1. A kit comprising:

a stylet comprising:

a cylindrical body formed without a lumen and having no openings, a distal section of the cylindrical body comprising a closed terminal end portion, at least the distal section comprising a light transmission section extending entirely around a circumference of the cylindrical body; and

a plurality of light transmitting elements extending through the cylindrical body and terminating in the light transmission section, each of the light transmitting elements comprising an optical fiber through which a light source can transmit light through the light transmission section; an endogastric tube comprising a lumen extending therethrough and an opening at or near a distal end of the endogastric tube, the stylet being placed within the lumen and having a length which registers the light transmission section of the stylet adjacent the opening of the endogastric tube, whereby light from the light source transmits out of the endogastric tube and in all directions; and

a retaining element comprising: a first segment comprising a first top rail and a first bottom rail, at least a portion of the first top rail having a magnetic polarity that is opposite to at least a portion of the first bottom rail;

a groove disposed between the first top and bottom rails, the groove configured to engage at least a portion of the stylet; and

a distal surface of the retaining element can be configured to prevent the stylet from moving distally relative to the endogastric tube when the distal surface interfaces with the endogastric tube.
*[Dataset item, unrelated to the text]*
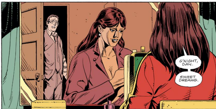
Figure 1.4: Dan and Laurie’s stories are mirrored throughout Chapter V, from: Moore, Alan, and Dave Gibbons. Watchmen . New York: Warner Books, 1987, pp. 154, 163.

bigger testimony to a form of spatial time, which is so characteristically described by McCloud. Entitled “Fearful Symmetry”, Chapter V lives up to its name. Not only is it a reference to the William Blake poem printed at the end of the chapter, but it also hints at the hidden symmetry that can be found throughout the pages. The first page of the chapter is mirrored by the last
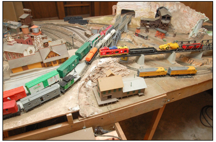
The large older train board, the HO gauge trains, and related accessories will remain with the house.

2. The kit of embodiment 1, wherein the retaining element further comprises: a second segment comprising a second top rail and a second bottom rail, at least a portion of the second top rail having a magnetic polarity that is opposite to at least a portion of the second bottom rail, wherein the second top rail is configured to magnetically couple with the first top rail of the first segment.
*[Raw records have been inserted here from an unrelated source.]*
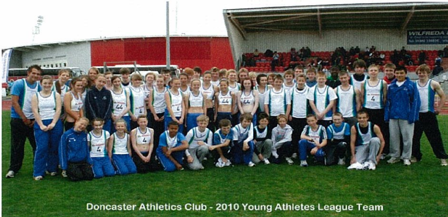
Doncaster Athletics Club - 2010 Young Athletes League Team

It was with a degree of trepidation that we went into the 2010 McCain's Young Athletes League competition. On the back of a season, where the team of 2009 surpassed all expectations by finishing fifth overall in the North, it was always going to be difficult to live up to this, especially after losing most of our U17 men's team who moved up to compete in the U20s age group.
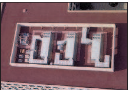
DEK-TOP around cooling towers which require routine maintenance
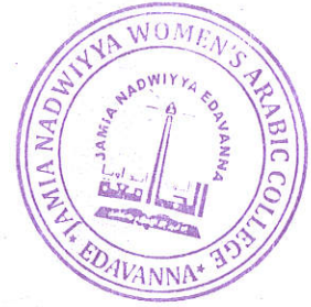
Principal JNW Arabic College Edavanna - 676541
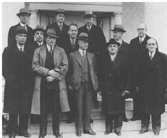
Dec. 1936 NACA meeting at the home of Orville Wright (Orville in the front row, center).

Twelve years following the Wright Brothers' first flight, the National Advisory Committee on Aeronautics (NACA) was born to advance aeronautics research. Four decades later, NACA became NASA to include space research along with aeronautics. NASA aeronautics research has helped flight continue to grow and evolve towards a more sustainable future. With the help of a diverse workforce of brilliant minds, NASA has made many contributions to aviation and air traffic management .
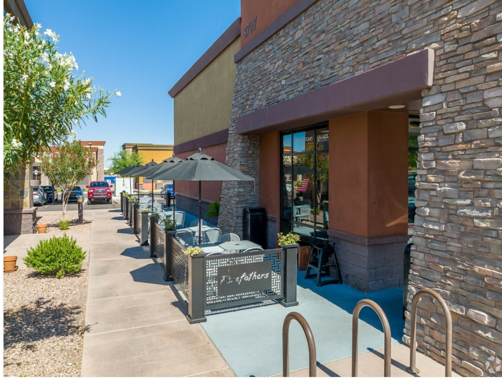
Outdoor Seating Available
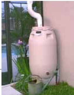
This barrel was painted to match the house color.

Outdoor acrylics and spray paint work well, but the barrel must first be primed so these materials adhere properly to the surface. A product on the market is a spray paint designed specifically for outdoor plastic furniture, but it will work on almost any plastic surface. The benefit to this product is that the barrel does not have to be primed before applying the spray paint. If using spray paint but need to paint small details, spray some paint into a small cup, making a liquid puddle. This paint can be brushed on.
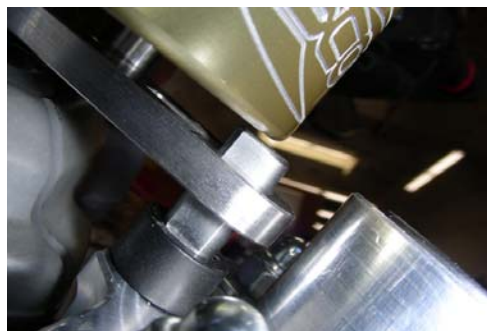
This shows the incorrect tower pin height.

3. The kit of any one of the embodiments above, wherein the retaining element further comprises an elastic band connected to the first and second segments.
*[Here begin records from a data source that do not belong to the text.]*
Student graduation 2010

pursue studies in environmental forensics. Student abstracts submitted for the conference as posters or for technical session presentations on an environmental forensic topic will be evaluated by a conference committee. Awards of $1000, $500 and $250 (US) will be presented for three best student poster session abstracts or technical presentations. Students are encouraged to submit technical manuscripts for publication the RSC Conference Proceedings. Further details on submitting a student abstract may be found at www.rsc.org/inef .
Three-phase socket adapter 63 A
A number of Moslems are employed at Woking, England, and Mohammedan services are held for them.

4. The kit of any one of the embodiments above, wherein the stylet comprises a coupling interface configured to engage at least a portion of the retaining element.

5. The kit of embodiment 4, wherein at least a portion of the coupling interface is made of metal.

6. A method of intubating a patient using the kit of any one of the embodiments above, the method comprising:

inserting the stylet into the endogastric tube;

coupling the retaining element to the stylet to prevent the stylet from moving distally relative to the endogastric tube;

inserting both the stylet and the endogastric tube through a nasal passage or oral cavity of the patient and into a gastrointestinal tract of the patient;

illuminating the plurality of light transmitting elements; and

examining the abdominal wall and the chest wall of the patient to locate the light and determine proper placement of the endogastric tube within the gastrointestinal tract.